5. Once the ‘create-debug-info‘ command completes, you can use a web browser to navigate to the HTTP address link that’s provided in the terminal session window.  After navigating to the link, you’ll be presented with a pop-up window asking you to save the log file package to your local machine.  Save the log file package to your local machine for later upload.

6. Attach the XtremIO dossier log file package you downloaded to the EMC Service Request (SR) you currently have open or are in the process of opening.  Use the ‘Attachments’ (the paperclip button) area located on the Service Request page for upload.

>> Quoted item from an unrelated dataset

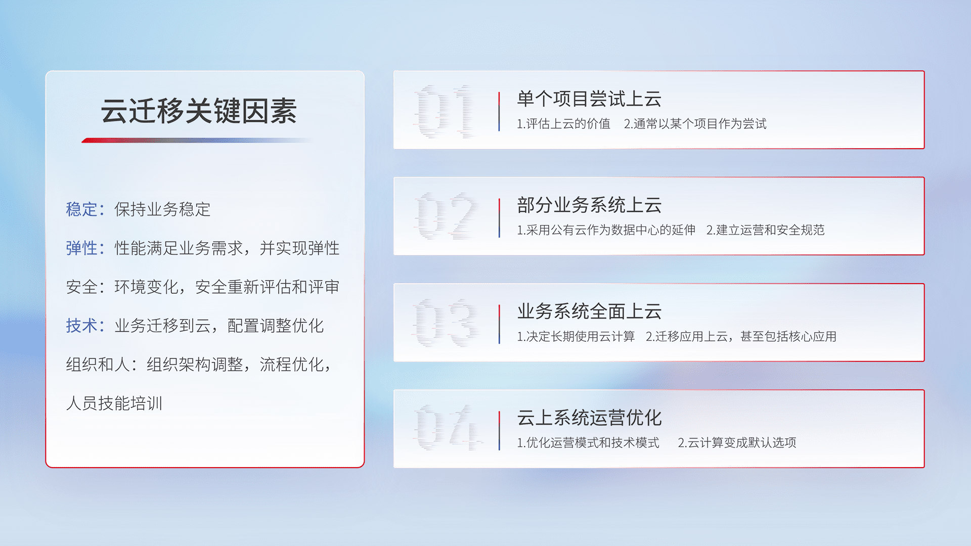 结合实际业务,,从规划设计、、、云平台选型、、、云原生改造、、、、数据迁移、、、、集成交付,,迁移全过程为客户识别最佳上云路径,,,,做好风险识别管理,,,设计网络架构、、身份权限、、、安全审计合规、、操作审计、、、、日志审计、、、监控告警策略、、多站点容灾设计等,,,对云上基础设施进行整体规划,,,提升IT治理水平,,以满足弹性、、、、高可用、、、高性能的需求。。。

7. You also have the ability to view a historical listing of all XtremIO dossier log file packages that are currently available on your system. To view them, issue the following XtremIO CLI command: show-debug-info. A series of log file packages will be listed.  It’s possible EMC may request a historical log file package for baseline information when troubleshooting.  To download, simply reference the HTTP links listed under the ‘Output-Path‘ header and input the address into your web browser’s address bar to start the download.

Example:

xmcli (tech)> show-debug-info
 Name  Index  System-Name   Index   Debug-Level   Start-Time                 Create-Time               Output-Path
 1      XtremIO-SVT   1       medium        Mon Aug 14 15:55:10 2017   Mon Aug 14 16:09:40 2017  http://<XMS IP Address>/XtremApp/ DebugInfo/1aaf4b1acd88433e9aca5b022b5bc43f.tar.xz
 2      XtremIO-SVT   1       medium        Mon Aug 14 15:55:10 2017   Mon Aug 14 16:09:40 2017  http://<XMS IP Address>/XtremApp/ DebugInfo/af5001f0f9e75fdd9c0784c3d742531f.tar.xz

That’s it! It’s a fairly straightforward process.